• **Your goal**
Starting at the line that holds "找了一个纸壳套着塑料袋,拿来装废机油。", quote every line through the end of the records, both boundary lines included. Omit the pictures.

[Data excerpts]
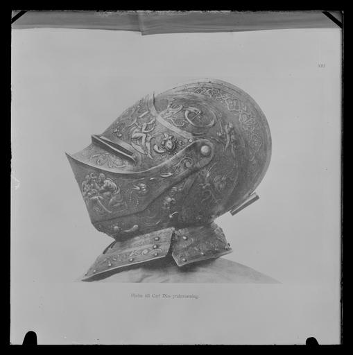 | Keywords: Hjälm med kam till paradrustning som tillhört Erik XIV - Livrustkammaren - 53712.tif LSH artwork Creator Étienne Delaune Arboga faktori Eliseus Libaerts sv Sluten hjälm med kam hjälmklocka visir och hjälmkrage av två lameller Baktill en plymhållare Hjälmen kännetecknas framförallt av sin mycket rika dekor som rustningens övriga delar Hela ytan är täckt av figurer i höjd relief hela bakrundens yta är täckt av punsad dekor De olika fälten delas av med en bård i guld På hjälmens kam samt på visir och hjälmklocka förekommer även beslagsornamentik Vissa av skruvarna är av nyare datum Rustningen består av 18 delar enligt nuvarande numrering levererades till Erik XIV 1562 Materialet är stål med etsad och driven dekor samt pålagt guld Tillverkad vid Arbogas vapenfaktori och dekorerad i Antverpen av guldsmeden Eliseus Lieberts efter förlagor från den franske konstnären Etienne Delaune Hela garnityret är dekorerat med mytologiska gestalter fjättrade fångar stridsscener och trofégrupper samt Vasavapnet tre Kronors-vapnet och Folkungalejonet Rustningen kan tex ha använts vid något av de många festtåg som kungen arrangerade både av krigisk och fredlig art Ett av dessa ägde rum efter fälttåget mot Danmark 1564 då Erik red in i Stockholm i stor triumf Han medförde både troféer och krigsfångar som utgjorde en levande illustration till rustningsgarnityrets dekor Häststjärnan levererades ett år senare 1563 och har en annan dekor den sändes som ett varuprov på dekor och Erik beställde ytterligare minst en rustning från Antwerpen När Lieberts personligen skulle leverera den nya rustningen blev både han och rustningen tillfångatagna i Danmark under pågående krig Erik försökte få rustning och Lieberts fria men misslyckades Guldsmeden David Cnoep som var verksam vid det danska hovet blev ägare till rustningen Cnoeps son sålde den till Christian II av Sachsen Rustningen finns idag i Historisches Museum i Dresden och är dekorerad med Vasa- och Tre-Kronorvapnet original caption 1562 steel g 3195 size mm 290310 350 270 LRK Erik XIV av Sverige Sweden - A Royal Treasury 1988-1989 Tre Konungar på Åbo slott 1993 Örnen och de tre kronorna 2003 Parures Triomphales 2003 Sous l'égide de Mars Armures des Princes d'Europe' tid arbetstitel Armures et décors maniéristes francais 2011 Musée de l'Armée Maktspel - ett kostymdrama i Livrustkammaren 2014-2015 Livrustkammaren Livrustkammaren nya basutställning 2018 LRK bas 2018 Livrustkammaren place of origin Antwerpen ; Arboga / BE original filename LN_E02252 62740 inventory number LRK 26072 53712 CC0 Hjälm med kam till paradrustning som tillhört Erik XIV - Livrustkammaren - 53712-negative tif <gallery caption Different images of same object > File Sluten hjälm till paradrustning som tillhört Erik XIV - Livrustkammaren - 47403 tif File Rustning - Livrustkammaren - 5330 tif File Hjälm Libaerts 26072 - Livrustkammaren - 13160 tif File Sluten hjälm till paradrustning som tillhört Erik XIV - Livrustkammaren - 1013 tif File Erik XIVs rustning från 1562 - Livrustkammaren - 73817 tif File Vänster sida av hjälm till XIVs rusting - Livrustkammaren - 39576 tif File Sluten hjälm till paradrustning som tillhört Erik XIV - Livrustkammaren - 55964 tif File Sluten hjälm - Livrustkammaren - 17343 tif File Sluten hjälm - Livrustkammaren - 60127 tif File Sluten hjälm - Livrustkammaren - 25900 tif File Sluten hjälm - Livrustkammaren - 77261 tif File Rustning - Livrustkammaren - 82376 tif File Sluten hjälm till paradrustning som tillhört Erik XIV - Livrustkammaren - 43800 tif File Erik XIV paradrustning från 1562 Pressbilder till utställningen Maktspel - Livrustkammaren - 96575 tif File Erik XIV rustning och sköld från 1562 i manieristisk stil - Livrustkammaren - 31016 tif File Sluten hjälm - Livrustkammaren - 51565 tif File Erik XIVs rustning från 1562 - Livrustkammaren - 38845 tif File Sluten hjälm - Livrustkammaren - 8763 tif File Sluten hjälm till paradrustning som tillhört Erik XIV - Livrustkammaren - 52360 tif File Sluten hjälm - Livrustkammaren - 204 tif File Sluten hjälm - Livrustkammaren - 77247 tif File Höger sida av hjälm till Erik XIVs rusting - Livrustkammaren - 48134 tif File Rustning tillhörande Erik XIV - Livrustkammaren - 22454 tif File Sluten hjälm - Livrustkammaren - 68688 tif File Hjälm med kam till paradrustning som tillhört Erik XIV - Livrustkammaren - 2349 tif File Sluten hjälm - Livrustkammaren - 8781 tif File Sluten hjälm - Livrustkammaren - 60126 tif File Sluten hjälm - Livrustkammaren - 68702 tif </gallery> <gallery caption Related objects > File Ryggharnesk till Erik XIVs paradrustning - Livrustkammaren - 77585 tif LRK 26078 File Detalj frambom sadel Libaertsrustningen - Livrustkammaren - 17430 tif LRK 26090 File Häststjärna tillverkad för Erik XIV Levererad 1563 - Livrustkammaren - 51831 tif LRK 26091 File Detalj av höger armskena till Erik XIVs rusting - Livrustkammaren - 39577 tif LRK 26081 File Sköld kalkan Turkiet-Persien - Livrustkammaren - 68801 tif LRK 26081 File Sadel tillhörande Erik XIV's rustningsgarnityr - Livrustkammaren - 78041 tif LRK 26090 File Ryggharnesk till Erik XIVs paradrustning - Livrustkammaren - 30284 tif LRK 26078 File Sadel tillhörande Erik XIV's rustningsgarnityr - Livrustkammaren - 19539 tif LRK 26090 File Detalj på sadel tillhörande Erik XIVs rustning - Livrustkammaren - 56694 tif LRK 26090 File Sköld - Livrustkammaren - 73819 tif LRK 26089 File Erik XIVs paradsköld gjord i stål 1562 Dekorerad med krigande Amazoner - Livrustkammaren - 96162 tif LRK 26089 File Sadel tillhörande Erik XIV's rustningsgarnityr - Livrustkammaren - 43861 tif LRK 26090 File Detalj frambom sadel Libaertsrustningen - Livrustkammaren - 8868 tif LRK 26090 File Bröstharnesk till Erik XIVs rusting - Livrustkammaren - 73818 tif LRK 26074 File Rustning armskena detalj - Livrustkammaren - 13892 tif LRK 26082 File Sadel tillhörande Erik 
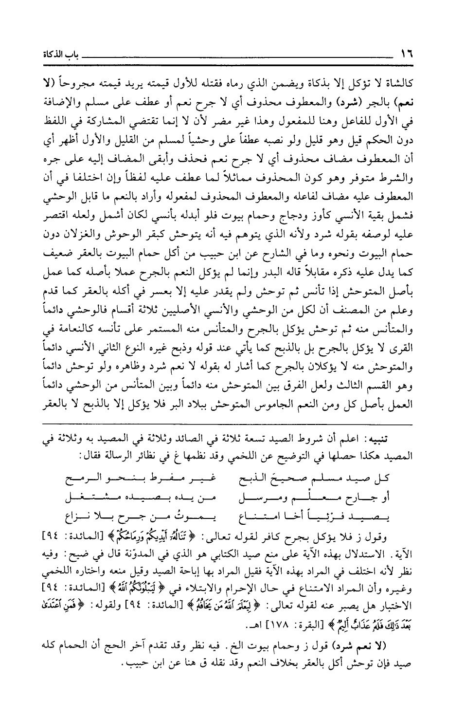 كالشاة لا تؤكل إلا بذكاة ويضمن الذي رماه فقتله للأول قيمته يريد قيمته مجروحًا (لا نعم) بالجر (شرد) والمعطوف محذوف أي لا جرح نعم أو عطف على مسلم والإضافة في الأول للفاعل وهنا للمفعول وهذا غير مضر لأن لا إنما تقتضي المشاركة في اللفظ دون الحكم قيل وهو قليل ولو نصبه عطفًا على وحشيًّا لمسلم من القليل والأول أظهر أي أن المعطوف مضاف محذوف أي لا جرح نعم فحذف وأبقى المضاف إليه على جره والشرط متوفر وهو كون المحذوف مماثلًا لما عطف عليه لفظًا وإن اختلفا في أن المعطوف عليه مضاف لفاعله والمعطوف المحذوف لمفعوله وأراد بالنعم ما قابل الوحشي فشمل بقية الإنسي كأوز ودجاج وحمام بيوت فلو أبدله بإنسي لكان أشمل ولعله اقتصر عليه لوصفه بقوله شرد ولأنه الذي يتوهم فيه أنه يتوحش كبقر الوحوش والغزلان دون حمام البيوت ونحوه وما في الشارح عن ابن حبيب من أكل حمام البيوت بالعقر ضعيف كما يدل عليه ذكره مقابلًا قاله البدر وإنما لم يؤكل النعم بالجرح عملا بأصله كما عمل بأصل المتوحش إذا تأنس ثم توحش ولم يقدر عليه إلا بعسر في أكله بالعقر كما قدم وعلم من المصنف أن لكل من الوحشي والإنسي الأصليين ثلاثة أقسام فالوحشي دائمًا والمتأنس منه ثم توحش يؤكل بالجرح والمتأنس منه المستمر على تأنسه كالنعامة في القرى لا يؤكل بالجرح بل بالذبح كما يأتي عند قوله وذبح غيره النوع الثاني الإنسي دائمًا والمتوحش منه لا يؤكلان بالجرح كما أشار له بقوله لا نعم شرد وظاهره ولو توحش دائمًا وهو القسم الثالث ولعل الفرق بين المتوحش منه دائمًا وبين المتأنس من الوحشي دائمًا العمل بأصل كل ومن النعم الجاموس المتوحش ببلاد البر فلا يؤكل إلا بالذبح لا بالعقر
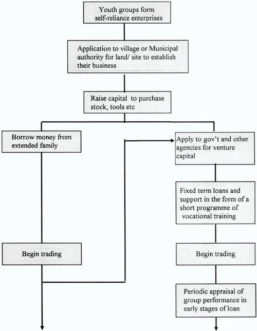The reasons interviewees gave for disenchantment, ranged from a lack of funds 'they are eager to get training but there is no money', poor administration, logistical problems, to the size of groups. Success was measured more in terms of longevity than productive capacity, and the consensus of opinion was that rural groups engaged in agricultural activities had been more successful than those attempting to operate in artisan trades. The major problem for these people was raising the capital to equip themselves with tools.
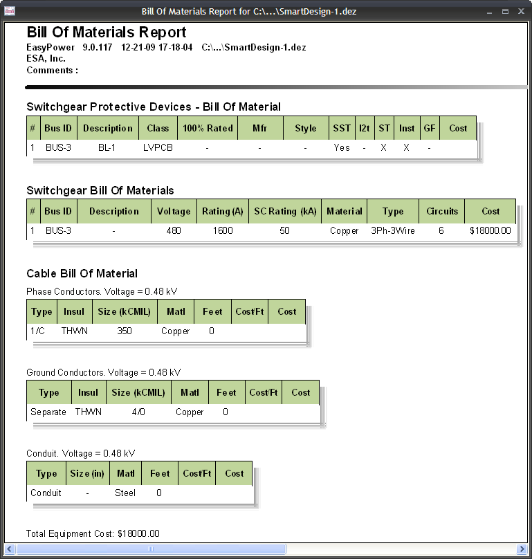 The Bill of Material Report consists of a group of tables organized by equipment type. The different equipment tables are Transformers, Protective devices grouped by bus equipment type, Bus equipment type, and Cables. The Transformer and Cable Bill of Material tables combine all similar equipment and gives a total cost based on number of units or total cost for all similar conductors. For Bus Equipment and Protective devices, each piece of equipment will be found as a line item, with Bus name or protective device name specified along with the individual cost of the item.
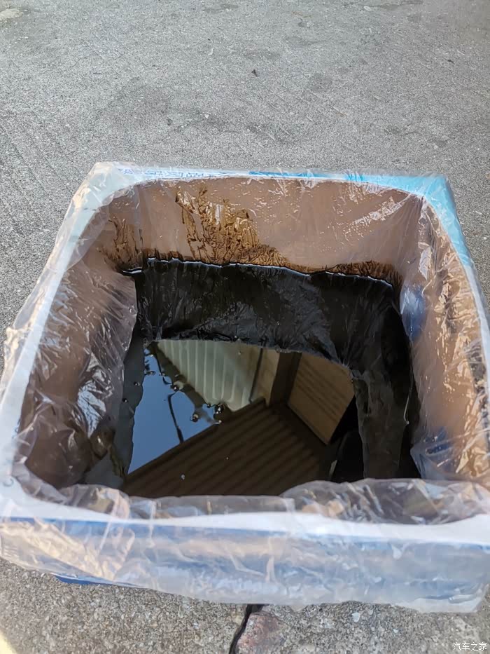 找了一个纸壳套着塑料袋,拿来装废机油。
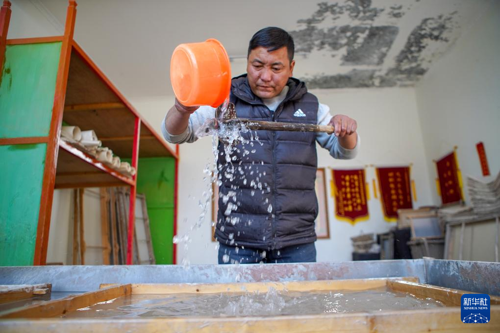 格桑旦增在檢查剛取出的藏紙的質量(12月5日攝)。新華社記者 邵澤東(dong) 攝

• **Result of the task**
 找了一个纸壳套着塑料袋,拿来装废机油。
 格桑旦增在檢查剛取出的藏紙的質量(12月5日攝)。新華社記者 邵澤東(dong) 攝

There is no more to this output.